In frequency metrology, the use of a Allan deviation or Allan variance as a function of time is common. These quantities can be calculated from a power spectral density, whereas the opposite calculation is ambiguous.
Timing Noise
Timing jitter of a pulse train can be quantified as the power spectral density of the timing deviation (e.g. from some noiseless reference) or the timing phase. It is also common to specify an r.m.s. value for a certain range of noise frequencies.
Noise Figure
The noise figure of an electronic or optical amplifier quantifies the amplifier excess noise.
Ambient Conditions
Laser noise often depends on ambient conditions. Therefore, it is obviously essential to know what are the ambient conditions for which certain specifications apply. In particular:
- Does it apply to constant room temperature, or for arbitrary temperature changes within the allowed range of operation temperatures?

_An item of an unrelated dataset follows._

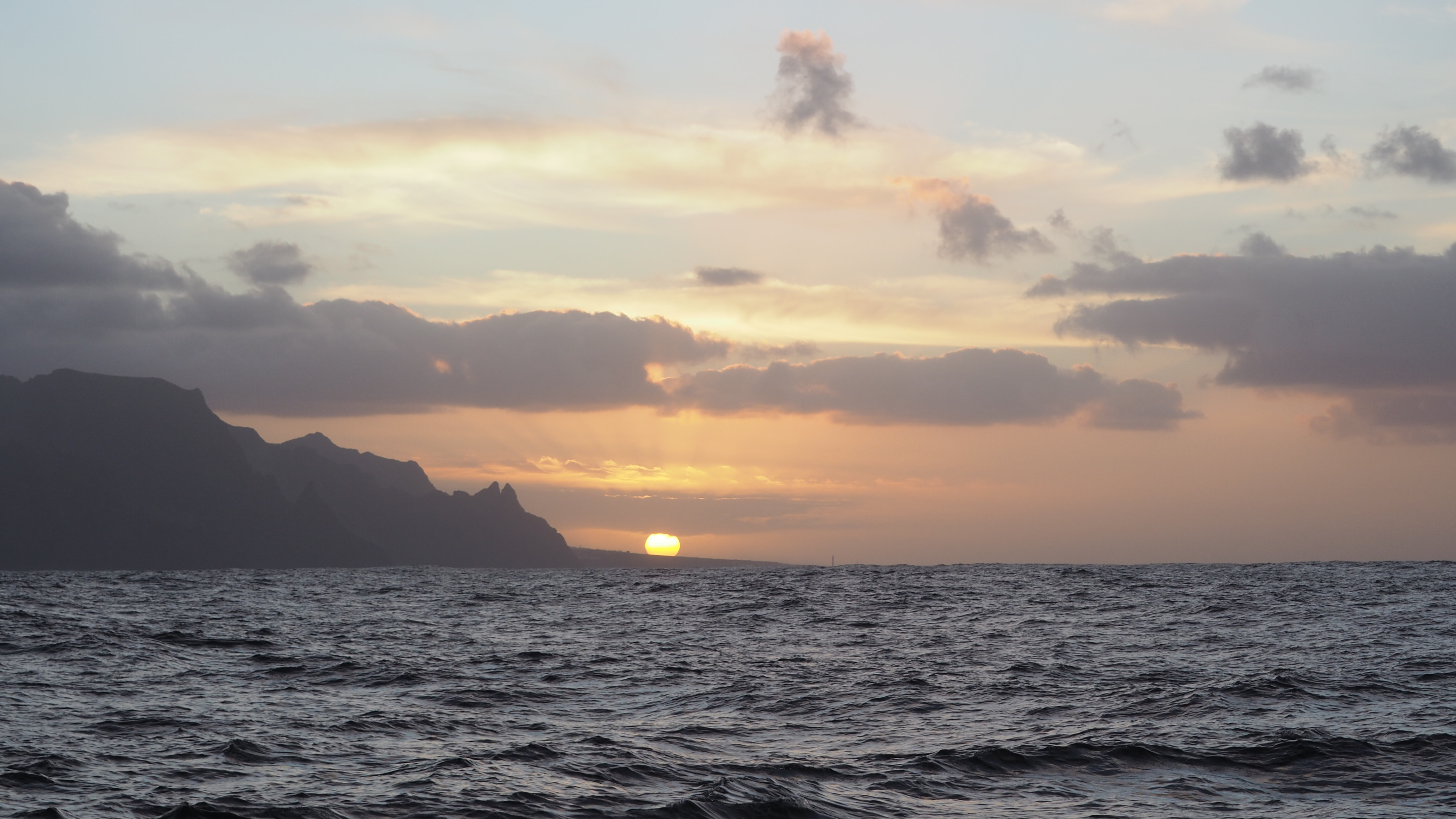 0 5ej rano startujemy, Aśka wypłynęła godzinę wcześniej. Mają być jeszcze silniejsze porywy przez godzinę, potem ma siadać. Zakładamy 3 refy, fok zrolowany do połowy. Wiatr nie jest tak silny jak zapowiadali, max. 22 – 24 kn. Ale na razie płyniemy pod gwiazdami. Na wschodzie widać ślad poranka. Rozrefowujemy żagle do pełna, ale wiatr siada. Choć wieje z północy, a nasz kurs powinien wynosić 900 płyniemy ostrzej, potem wiatr będzie w mordę, jak zawsze biednemu. Musimy wspomagać się silnikiem. Słońce coraz wyżej ale temperatura niekoniecznie. Długa oceaniczna fala przemieszcza się dokładni z północy. Ma 3 metry, ale przy swojej długości daje tylko rozkołys, który nie każdy dobrze znosi. Śniadanie – każdy we własnym zakresie, choć niektórzy nic nie jedzą. I tak będzie cały dzień. Po prawej burcie pokazują się delfiny, przeskakują 2 – 3 metry obok nas. Poza tym cisza. Wiatr powoli słabnie, na przynęty wędkarskie które holujemy za sobą na 3 wędkach też nie ma chętnych. Cały czas płyniemy na żaglach + motor, dopiero o zachodzie słońca, przy północnym brzegu Teneryfy pozostaje sam main sail diesel. Dokładnie przy Punta de Anaga na północy wyspy obserwujemy wspaniały zachód słońca. Potem szybko następuje mrok. Przed nami Santa Cruz de Tenerife do której dopływamy po 17,5 godzinach od startu. Po drodze spory ruch statków, sporo stoi na kotwicy. Ale te które pływają zmieniają swoją prędkość i kierunek, trzeba być czujnym jak owsik. Wchodzimy do mariny, wejście pomimo rzęsiście oświetlonego brzegu dobrze widoczne, choć marina zaleca wejście przy świetle dziennym. Skipper bywał tutaj już kilka razy, zawsze wpływał w nocy, więc i tym razem nie było problemu. Najpierw na 12 VHF wywołujemy port z prośbą o możliwość wejścia, szybko uzyskujemy zgodę. Potem na kanale 9 wywołujemy marinę. I to kilka razy, w końcu mamy aprobatę, stajemy przy 1 pomoście. Za pół godziny dopływa Asia ze swoją załogą, cumują obok nas. Kolacja – to w zasadzie odgrzana kolacja z dnia poprzedniego, co znacznie skraca procedurę. Potem jakieś drinki i idziemy spać. W linii prostej pomiędzy portem wyjścia portem docelowym byłom105 nM, ale liczą nasze myszkowanie, co na jachcie jest w zasadzie regułą, wyszło ich 120. Niezły wynik.

- Is it valid immediately after switching on the device, or only after a long warm-up time?
- Is a vibration-free environment assumed?
The latter is particularly important for specifications of beam pointing fluctuations.
It is not easy to specify laser noise under the influence of ambient noise sources such as vibrations, since it is difficult to quantify these influences. Also, their impact may strongly depend e.g. on the noise frequency: a mechanical setup may have some resonances, making the device very sensitive to vibrations at certain frequencies.
Common Problems
For various reasons, correct noise specifications are often not achieved:
- The mathematical description of noise is sophisticated, and often not properly treated in physics or engineering courses. As a result, nonsensical noise specifications are widespread in product data sheets and even in the scientific literature.
- In laser physics, there is a variety of different types of noise, which are conceptually and physically related in non-obvious ways (example: optical phase noise and timing phase noise of mode-locked lasers). Therefore, physical insight is as essential as mathematical knowledge.
- Noise measurements are subject to many non-trivial technical issues. For example, detailed know-how on the inner workings of electronic spectrum analyzers is required for obtaining correct results from measurements with such devices. A black-box treatment (using the device readings without knowing how they are generated) easily leads to wrong results, e.g. via inappropriate device settings or the failure to apply certain correction factors (e.g. for logarithmic averaging in the spectrum analyzer).